::: Input data

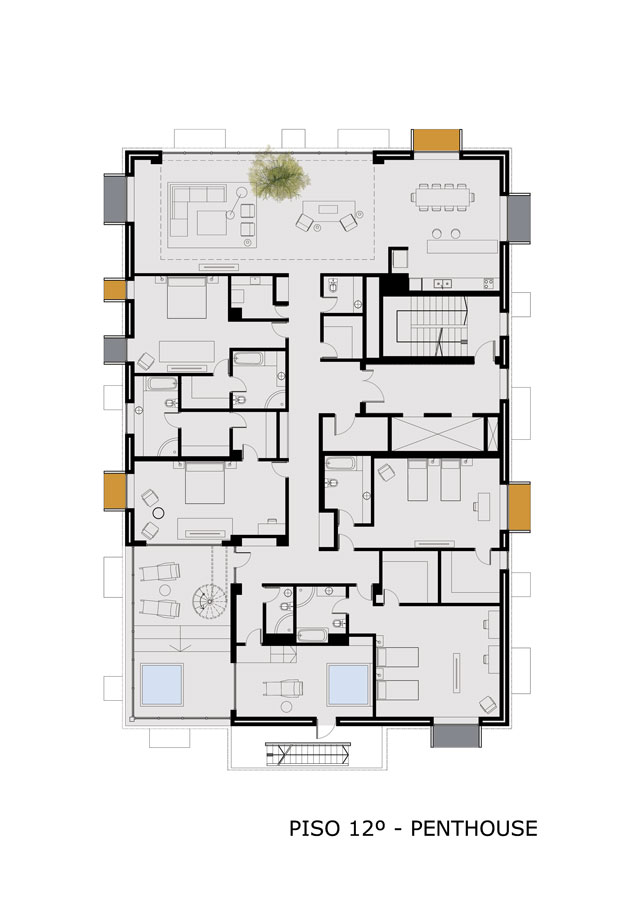 En el interior de la torre se ubican programas híbridos convocantes de distintos tipos usuarios. La planta baja aloja un bar con su expansión hacia el espacio público, un restaurante y una galería de arte contemporáneo, programas convocantes de diferentes públicos. En el primer piso se encuentra un conjunto de oficinas ocupadas por la Embajada de Austria y un kindergarten para asistir a los trabadores y a los residentes del edificio. En el resto de los niveles hay residencias y en el remate superior un penthouse que corona el edificio.
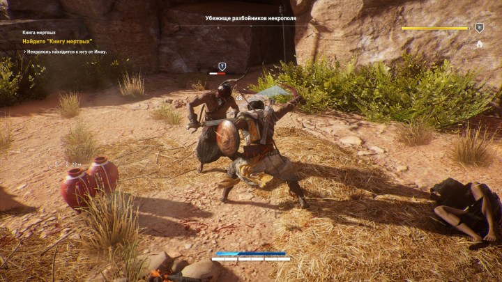Байек действует не столь изящно, как некоторые предыдущие герои. В бою он агрессивнее, и сами драки стали бодрее. Если раньше боевая система была завязана на контратаках, теперь больше приемов и нужно больше усилий для удачных атак. Используя блок, уклонение и разные удары, мы ловко фехтуем вокруг врагов и пытаемся пробить защиту мощных здоровяков. Серии ударов дают адреналин, что позволяет включить режим ярости с мощными ударами.
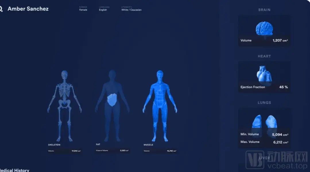除了器官,初创公司还在创造个体的全身数字双胞胎。Q Bio的Gemini平台可以通过人体全身扫描,获取患者的生命体征,扫描、病史和基因测试结果,从而创建整个患者解剖和生理学的复杂模拟,消费者可以将结果与专家、培训师、营养师和研究人员共享,以实现个性化护理。每当共享新的测试或扫描结果时,消费者的数字双胞胎也会得到相应更新。
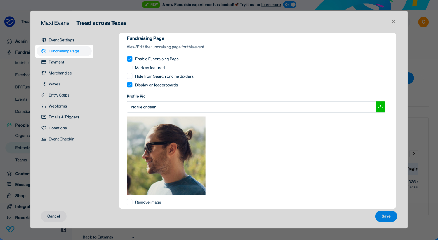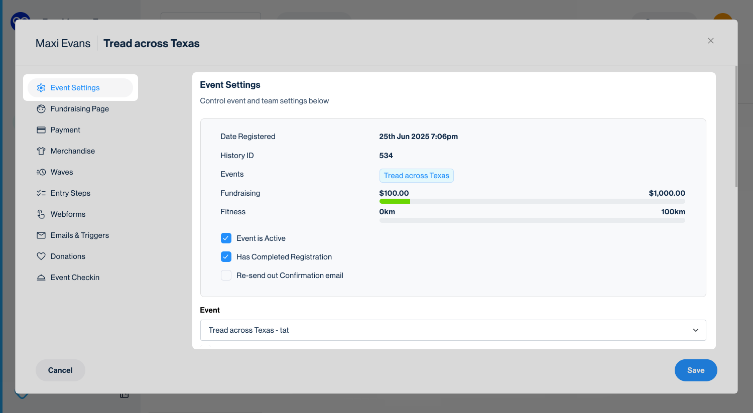 Event is active: Automatically ticked once the fundraiser completes registration (unless the event requires manual approval). When ticked, their fundraising page is live. If unticked, their page is offline.
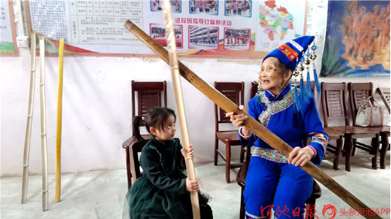 今年已經(jīng)88歲高齡的“壯族打扁擔(dān)”技藝傳承人唐小琴,她從小即耳濡目染,跟村里老人、長(zhǎng)者學(xué)習(xí)打扁擔(dān),后因打扁擔(dān)需要指揮,又學(xué)習(xí)皮鼓打法。1961年4月,唐小琴?gòu)膶W(xué)校調(diào)入縣文化館任文化藝術(shù)輔導(dǎo)員,挖掘整理了《壯族打扁擔(dān)》《板凳舞》《斑鳩舞》等一大批傳統(tǒng)舞蹈,并多次在自治區(qū)、河池地區(qū)的比賽、調(diào)演上獲獎(jiǎng)。1986年退休后,仍然致力于《壯族打扁擔(dān)》的傳承工作,2004年,組建都安縣老干康樂(lè)藝術(shù)團(tuán),帶動(dòng)安陽(yáng)鎮(zhèn)退休老人學(xué)習(xí)打扁擔(dān)技藝。2009年,她被確認(rèn)為自治區(qū)非物質(zhì)文物遺產(chǎn)項(xiàng)目“壯族打扁擔(dān)”代表性傳承人。
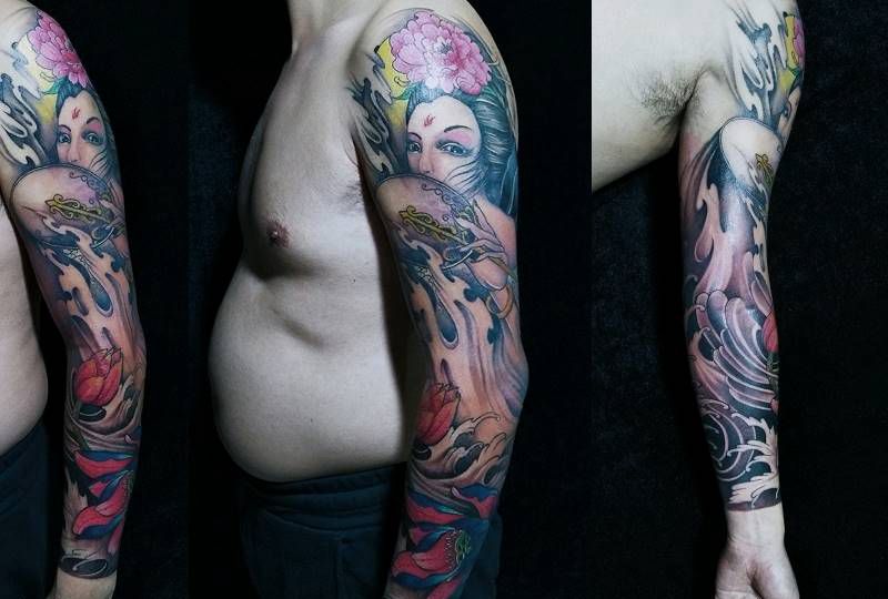 当前位置: 首页 >黑龙江省鸡西市纹身店-鹤刺青纹身图案>传统艺妓荷花,花臂纹身图片

::::::

**Required work**: Repeat the lines exactly as they stand, from the opening line of the data through the line with "Байек действует не". Pictures stay out of the copy.

**Completed exercise**:
 En el interior de la torre se ubican programas híbridos convocantes de distintos tipos usuarios. La planta baja aloja un bar con su expansión hacia el espacio público, un restaurante y una galería de arte contemporáneo, programas convocantes de diferentes públicos. En el primer piso se encuentra un conjunto de oficinas ocupadas por la Embajada de Austria y un kindergarten para asistir a los trabadores y a los residentes del edificio. En el resto de los niveles hay residencias y en el remate superior un penthouse que corona el edificio.
Байек действует не столь изящно, как некоторые предыдущие герои. В бою он агрессивнее, и сами драки стали бодрее. Если раньше боевая система была завязана на контратаках, теперь больше приемов и нужно больше усилий для удачных атак. Используя блок, уклонение и разные удары, мы ловко фехтуем вокруг врагов и пытаемся пробить защиту мощных здоровяков. Серии ударов дают адреналин, что позволяет включить режим ярости с мощными ударами.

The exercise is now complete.